An ALMA Study of the FU-Ori Type Object V900 Mon: Implications for the Progenitor
Michihiro Takami, Tsu-Sheng Chen, Hauyu Baobab Liu, Naomi Hirano,, Agnes Kospal, Peter Abraham, Eduard I. Vorobyov, Fernando Cruz-Saenz de, Miera, Timea Csengeri, Joel Green, Michiel Hogerheijde, Tien-Hao Hsieh,, Jennifer L. Karr, Ruobing Dong, Alfonso Trejo, Lei Chen

TL;DR
This study uses ALMA observations to analyze the molecular outflows and disk structure of the FU Ori-type object V900 Mon, providing insights into its progenitor and the nature of FUor outbursts in young stellar objects.
Contribution
First detailed ALMA study of V900 Mon revealing its outflow, envelope, and disk properties, linking FUor outbursts to normal young stellar objects.
Findings
V900 Mon has a bipolar outflow extending ~10^4 au.
The envelope mass and outflow collimation suggest a low-mass Class I YSO progenitor.

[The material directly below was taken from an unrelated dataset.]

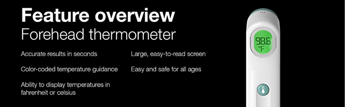 - RELIABLE RESULTS – Get reliable results within seconds with the Braun Forehead Thermometer. This contact forehead thermometer has professional accuracy with a gentle forehead touch, and can be used for the whole family

The disk is compact (~90 au) and likely heated viscously, with possible grain growth or fragmentation.
Abstract
We present ALMA observations of 12CO, 13CO, and C18O J=2--1 lines and the 230 GHz continuum for the FU Ori-type object (FUor) V900 Mon (d~1.5 kpc), for which the accretion burst was triggered between 1953 and 2009. We identified CO emission associated with a molecular bipolar outflow extending up to a ~10^4 au scale and a rotating molecular envelope extending over >10^4 au. The interaction with the hot energetic FUor wind, which was observed using optical spectroscopy, appears limited to a region within ~400 au of the star. The envelope mass and the collimation of the extended CO outflow suggest that the progenitor of this FUor is a low-mass Class I young stellar object (YSO). These parameters for V900 Mon, another FUor, and a few FUor-like stars are consistent with the idea that FUor outbursts are associated with normal YSOs. The continuum emission is marginally resolved in our…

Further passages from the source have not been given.